A Wilbar tube is a glass tube with very small inside diameter and marked with graduated lines on the outside. The tube is mounted in a plastic housing with a threaded fitting on the bottom that is the same thread as the fitting on the high pressure fuel
lines. To use the tube, you remove the high pressure fuel
line for the appropriate cylinder from its connection at the injection pump and thread on the Wilbar tube. Then you roll the engine
over a few times until you see fuel moving up in the center of the tube. As you rotate the engine in its normal direction of rotation the plunger in the injection pump will rise and when the plunger top closes the internal fill port, (port closure), pressure will immediately build in the pump and the fuel in the Wilbar tube will start to move upward. This corresponds to the start of injection and is the same point at which the timing marks on the flywheel and timing tool should line up.
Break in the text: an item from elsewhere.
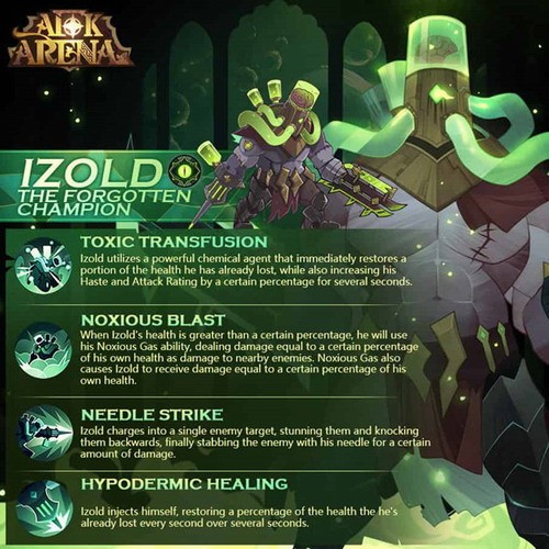 其最具特色的技能,在生命值高于一定比例时将会在周身散发毒气,毒气可以造成对邻近的敌人不断造成伤害,但是也会对伊索尔德自己的生命带来损耗。

Sometimes a glass Wilbar tube isn't used but a steel
tube is used instead. The steel
tube looks like a short straight piece of high pressure injection tube with a steel washer braised on its top, and the washer has a very small hole drilled in it. The timing procedure is the same as the Wilbar tube, but instead of the fuel moving up the glass tube, the fuel begins to exit the hole and flow onto the washer, and the beginning of the flow is easy to discern.
Depending on whether the timing is early or late you add or remove shims/gaskets from below the flange of the injection pump to alter the timing.